After I moved away to Cornwall, it became difficult to stay in touch with the band. I would travel to London or go to see them if they played fairly locally, but it was never the same as those early days. They were playing at larger venues. I began to pursue my own path which led me to one that was as far removed from a rock and roll band as you can get. My interest in self discovery and the meaning of life took me in a completely different direction for awhile. I ended up travelling around the world as a lecturer and counselor in countries such as Europe, Australia & Malaysia.

Whilst in Australia I noticed that Dr. Feelgood were touring there. This was the 80’s. I called their agent and explained that I was a friend. Lee was the one who phoned and chatted with me. That was the last time I ever spoke to him. I was so sad to hear of his death a few years later. Lee always reminded me of James Dean or Johnny Depp for some reason. He was a lean, handsome fellow that was totally mysterious and private. That, along with his incredible raw talent vocally and on the harmonica, is to me what really made him a super star. I always felt privileged to be the recipient of his attention. He demanded respect simply by being who he was. I will always be grateful to have known him and hope that one day I will get back to Canvey Island and do the walk of honour with Chris and his fans. My brother from my mothers second marriage is 20 years my junior, and was named Lee after him. Lee Bright (my brother) is based in London and works as an entertainer in musical theater.

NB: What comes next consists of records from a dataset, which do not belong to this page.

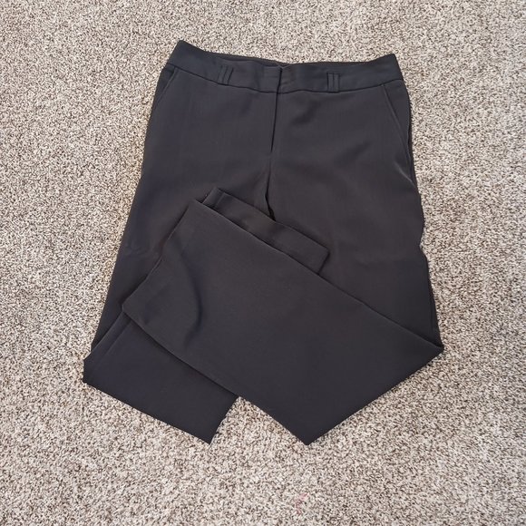 VanHeusen Studio Stretch Womens Dress Pants. Size 8. 74% Polyester/22% Rayon/4% Spandex. Very comfortable and in like-new condition. Left and right front pockets. Left and right read faux pockets. Color is slightly lighter than solid black (dark charcoal). There are a couple spots in the photos that are light coming in from outside when the photo was taken, not a flaw in the pants. Length 41". Waist 17".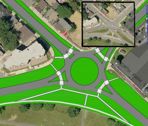 The proposed roundabout at Cunard, Agricola and North Park, with the existing intersection shown inset. (Images created by HRM staff.)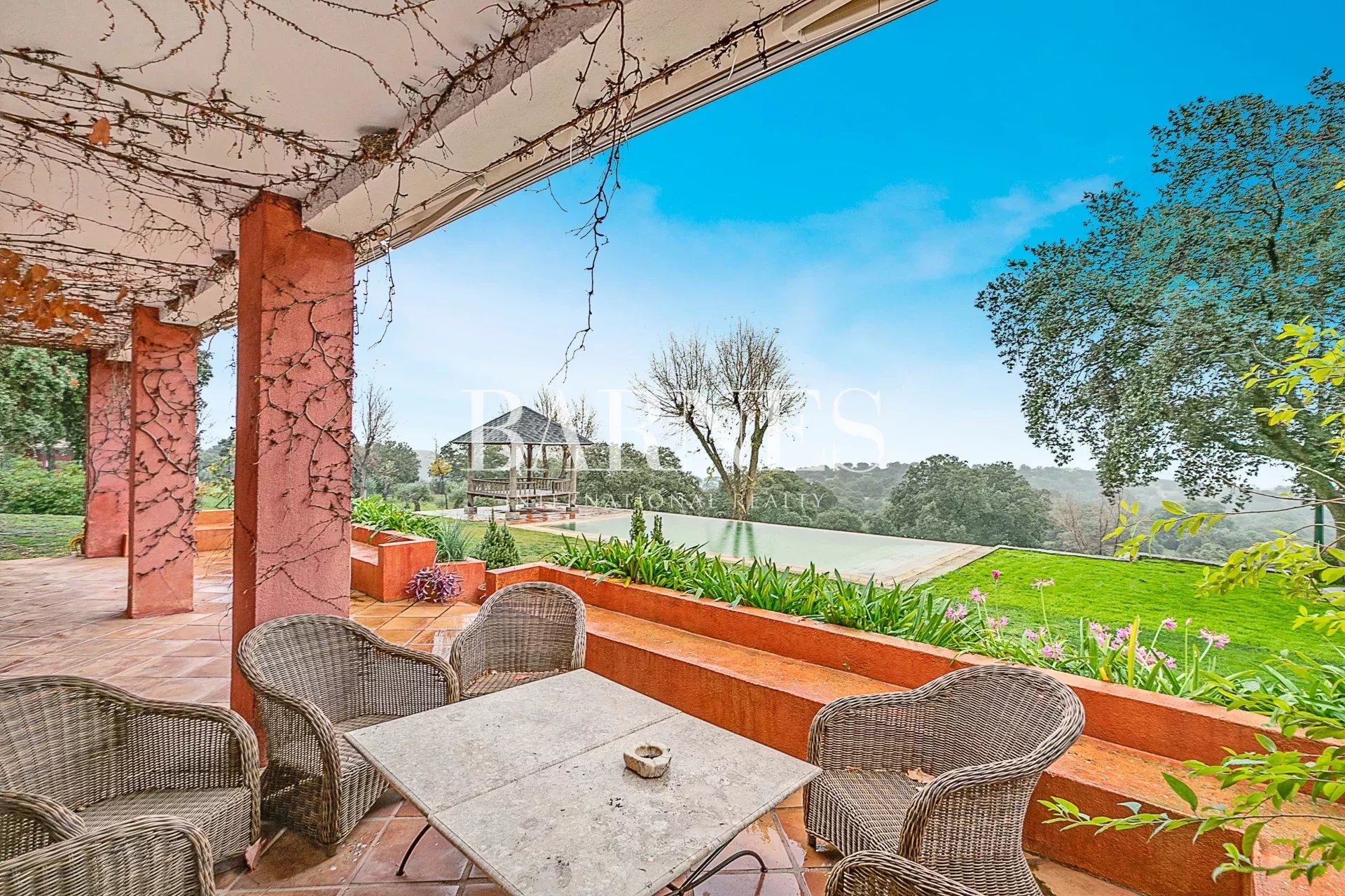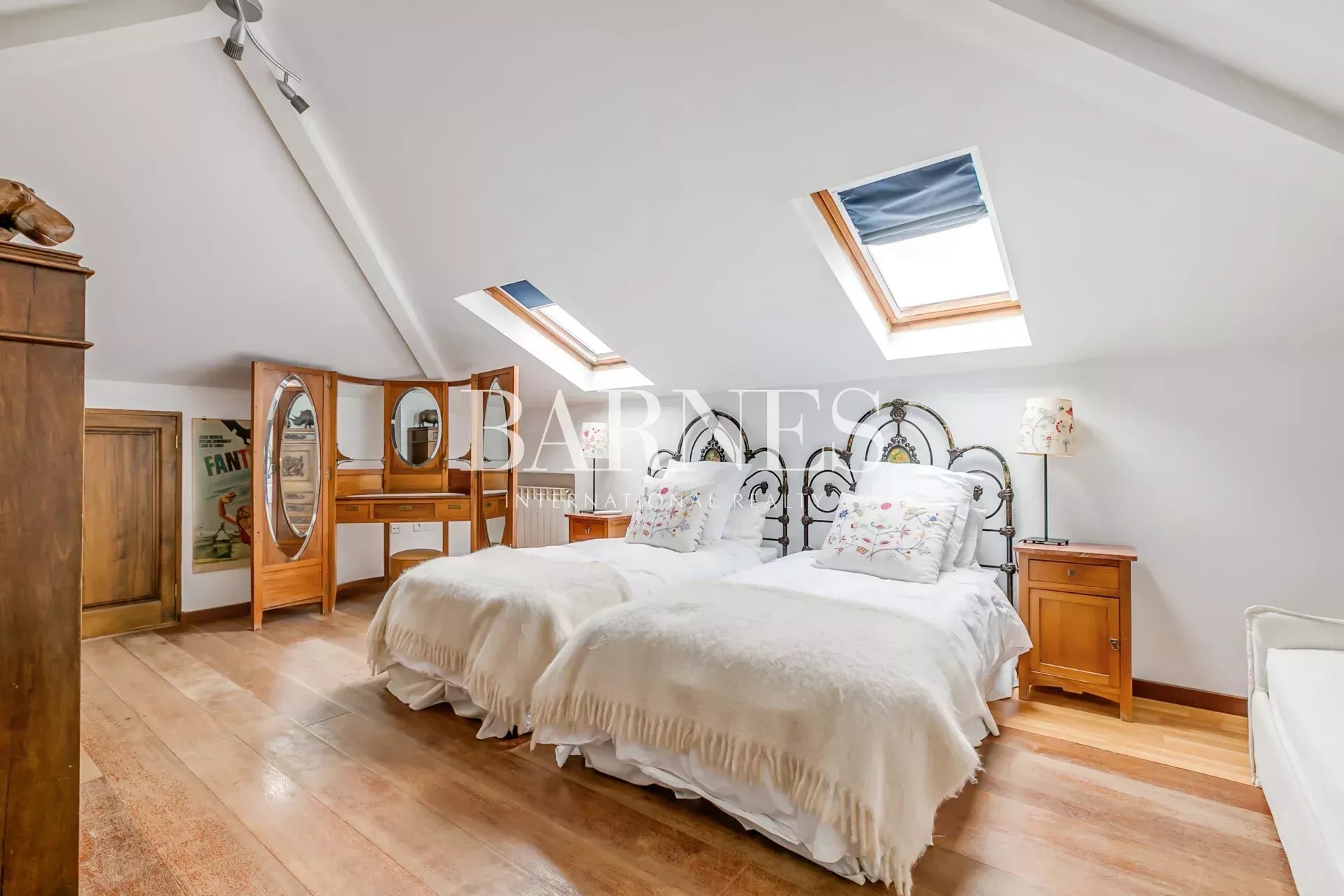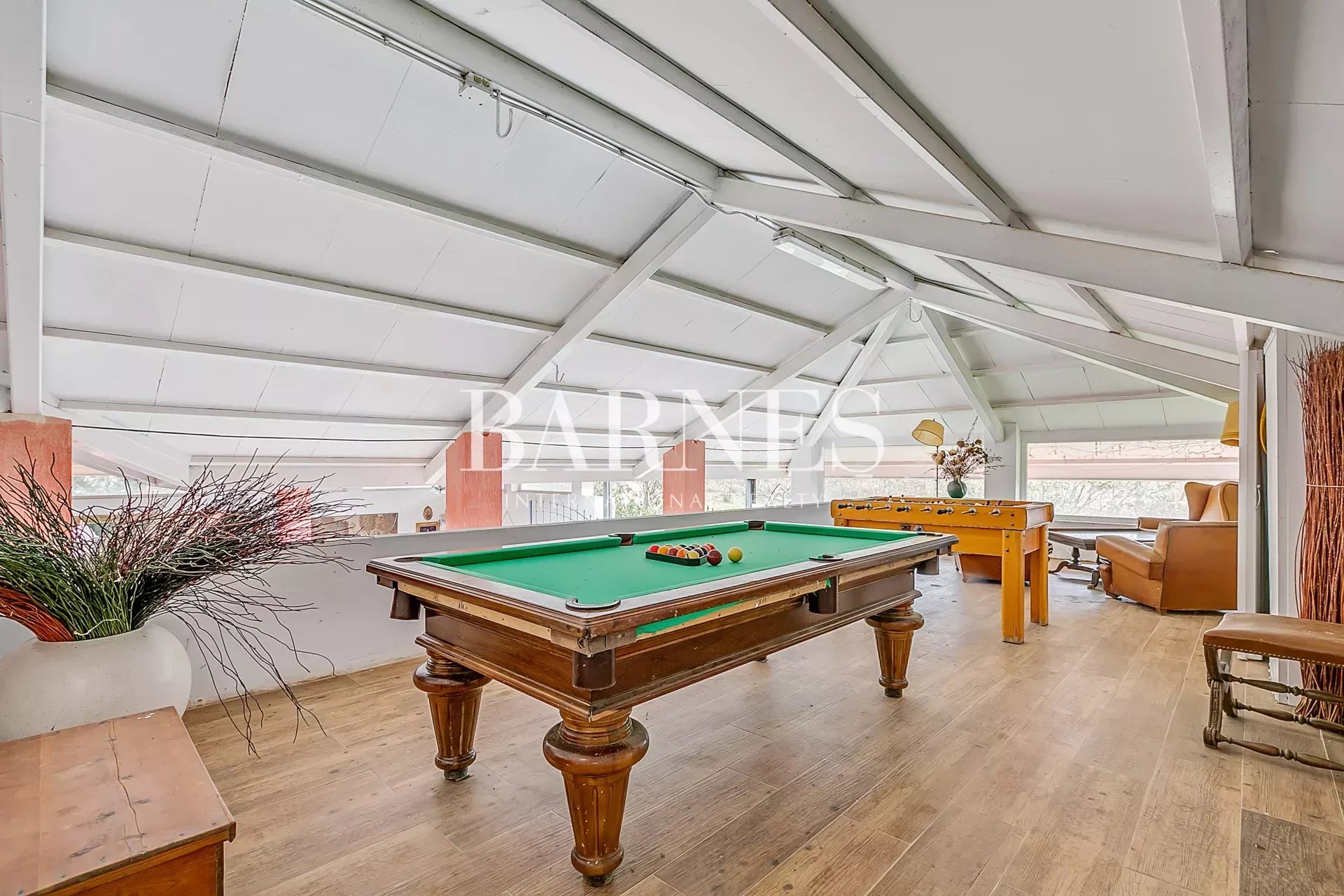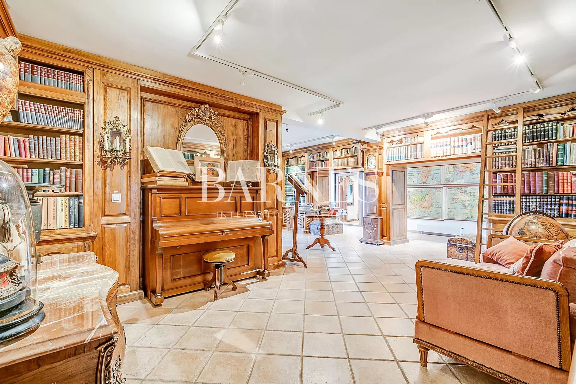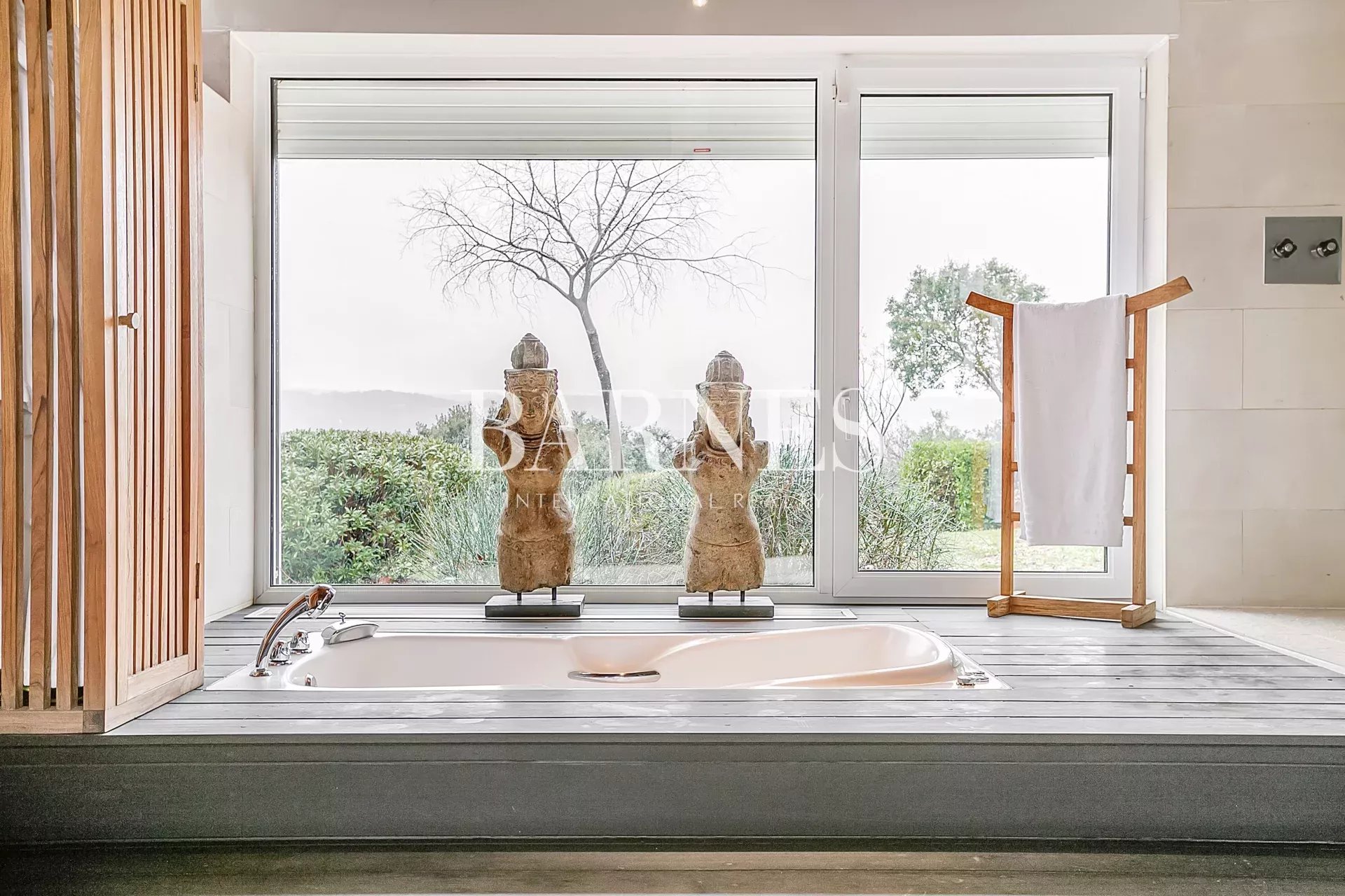 La lujosa vivienda principal está dividida en dos volúmenes: la antigua casa alberga una biblioteca revestida con maderas exóticas, cuarto de estar y despacho, comunicando con una construcción posterior de mayor amplitud y confort contemporáneo.
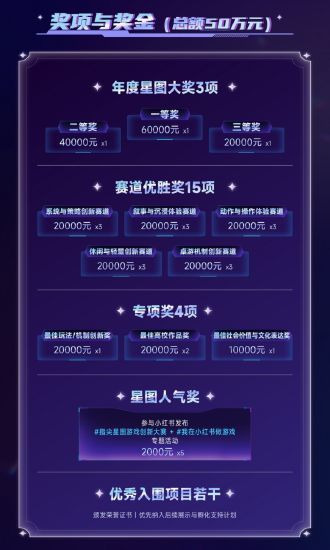 本届大赛与小红书游戏平台开展内容合作,开设参赛作品站内专属流量曝光扶持通道。参赛团队在提交作品的同时,需同步在小红书发布参赛作品宣传内容,并带话题#指尖星图游戏创新大赛+#我在小红书做游戏。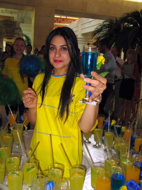 Прямо на порозі тренерам, гравцям і їхнім дружинам пропонували безалкогольний коктейль - також в українських традиційних кольорах. До заходів зустрічі з радістю долучилися земляки, які відпочивають в готелі.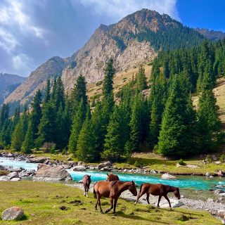 • Continue to Barskoon Gorge and follow the beautiful Barskoon River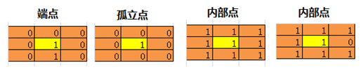 5.循環(huán)所有的前景像素點,對符合如下條件的像素點標(biāo)記為刪除:
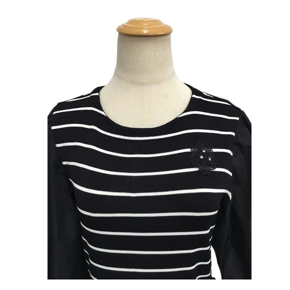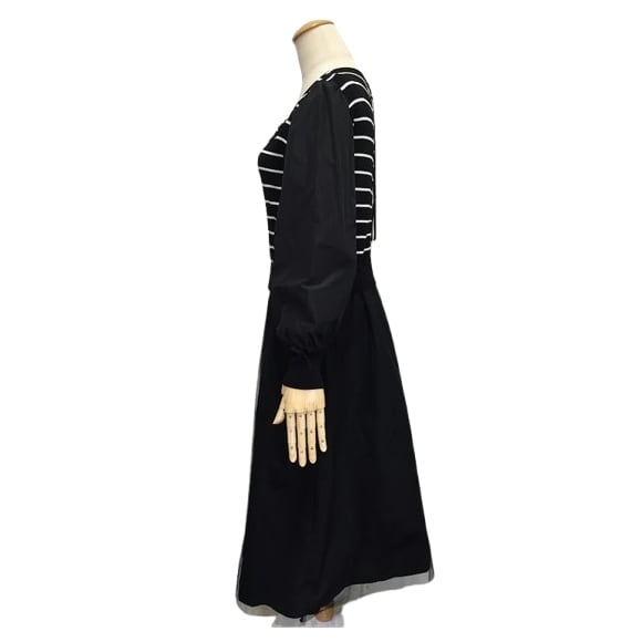 スーパービューティー ワンピース ボーダー×タフタ切替 チュール使い フレアシルエット 2511016 ミセス エレガント オーラボー 2025春夏 オーラボー Super Beauty M L LL 30代 40代 50代 60代
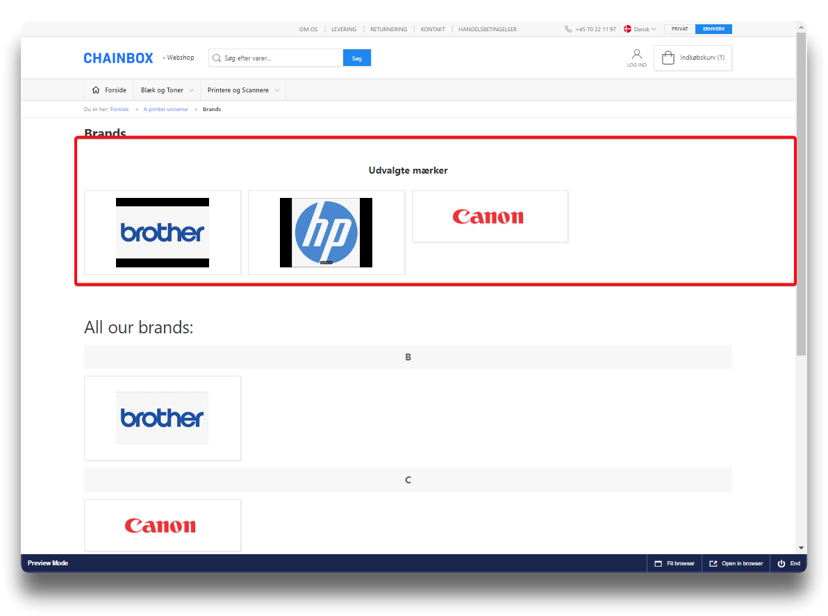 This feature is relevant for a brandpage with a very long brandlist. It gives the option to present a fewer number of brands in a featured position. Same as the brandlist, the featured brands provides navigation to a specific brand-page when clicked.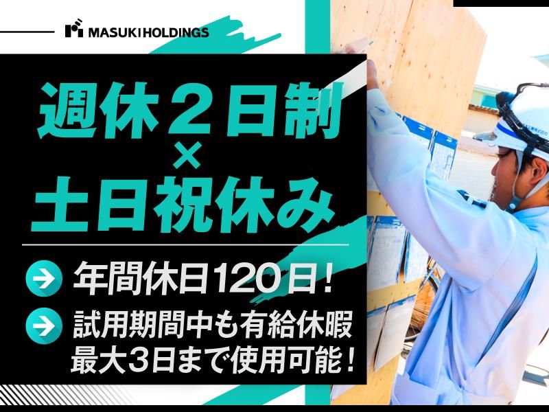 仕事内容 ╋━━━━━━━━━━━━━━━━━ ⭐未経験からチャレンジOK ↪経験は一切問いません! ⭐珍しい!マイアニバーサリー休暇あり ↪有給休暇を3日連続取得すると会社より補助金支給◎ ⭐有給休暇は入社日に付与! ↪試用期間中も最大3日まで使用可能!! ⭐安心の正社員雇用!年間休日120日! ↪資格取得支援制度もあります! ━━━━━━━━━━━━━━━━━━╋ 建築工事現場にて、 現場管理のアシスタント業務を 行なっていただきます! ■工事写真の撮影 ■書類整理、ファイリング ■現場場内の整理整頓 ■報告書の作成 ほか ◎豊富な現場があるので、アシスタントとして 経験を積みいずれは施工管理として現場代理人を 目指すことも可能です。 ◎指示された作業をこなすことが得意な方に向いたお仕事です。 ◎定時(17:00)帰宅、休日もしっかりとれるためワークライフバランスを 重視した働き方ができます♪ ━━━━━━━━━━ 入社後の流れ ━━━━━━━━━━ 「見て覚えて!」なんて言いません◎ 入社後はまず先輩について、 指示された業務をこなしていきましょう! 何件かこなしていると、「次はこうかな」 「この書類いるかな」と少しずつ わかってくるようになりますよ。 「アシスタントではなく自分で現場監督をやりたい!」と思う方には 現場監督への道も用意しています! 未経験からスタートした仲間が多いから、 みんなが気持ちをわかってくれます! 「ここはこうするとやりやすいよ」とか、 「これを先にやっておいた方がラクだよ」とか、 作業がしやすくなる ちょっとした裏技みたいなのも教えてくれます♪ ━━━━━━━━━ 1日の流れ ━━━━━━━━━ 8:00 業務開始 8:30 現場入り 現場監督の指示のもと書類整理やファイリング 12:00~13:00 お昼休憩 13:00 工事写真の撮影や現場の整理 16:00 報告書の作成 17:00 業務終了!→定時で帰宅♪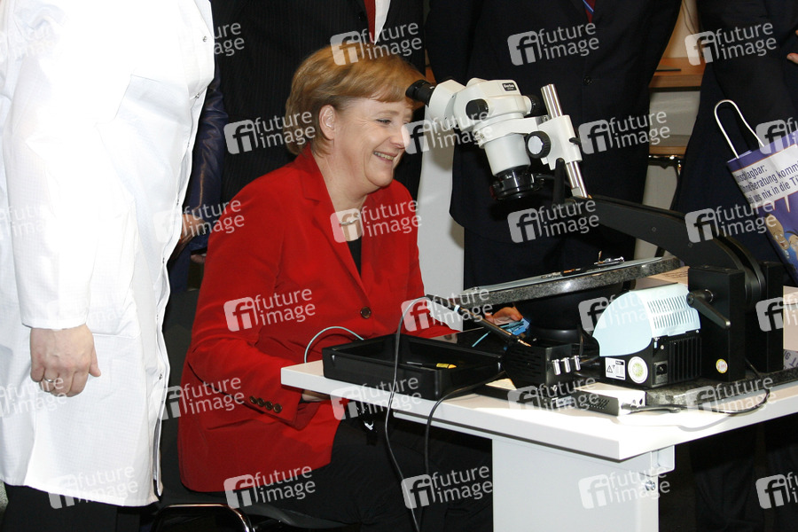 Eröffnungsrundgang der Bundeskanzlerin zur CeBIT 2008 (Centrum der Büro- und Informationstechnik), der weltgrößten Messe für Informations- und Computertechnik auf dem Messegelände in Hannover. Am Stand vom KOMSA.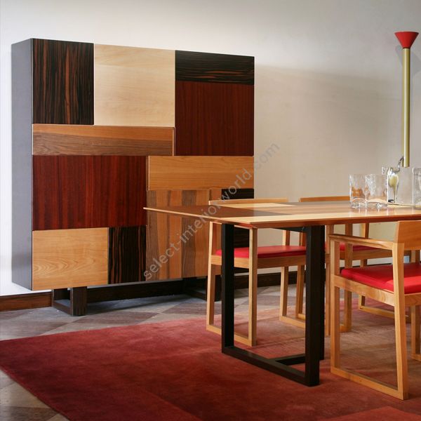 In cabinet making Patchwork stands for the use of small pieces of different wood kinds, which exalt each other in elegant combinations. Duranti has used this technique to create drawers, doors, cabinet doors, flaps and unpredictable openings, which Morelato turned into unique pieces of sideboards, tables, coffee tables and bookcases that will be highlights in different home styles and cultures.

I now live in the USA. I have worked in the TV industry and owned a health clinic amongst several other endeavors. I regret to say that I never did expand upon my musical abilities to the extent that I would have liked, but oddly enough, I am now married to a musician (from Texas). We moved from California to Southern Oregon  a few years ago but hope to return to England some day to spend time with my family and friends. There is nothing more precious than what we already have. We just have to realize it and appreciate it every day.

Comments about this page

  • Thanks for sharing your memories Jayne – Chris Fenwick recently invited us to a private showing of the new Canvey/Feelgood film ‘Oil City’ which will be released in Feb.

    By David Bullock (28/11/2009)
  • hey jayne glad to see your doing well.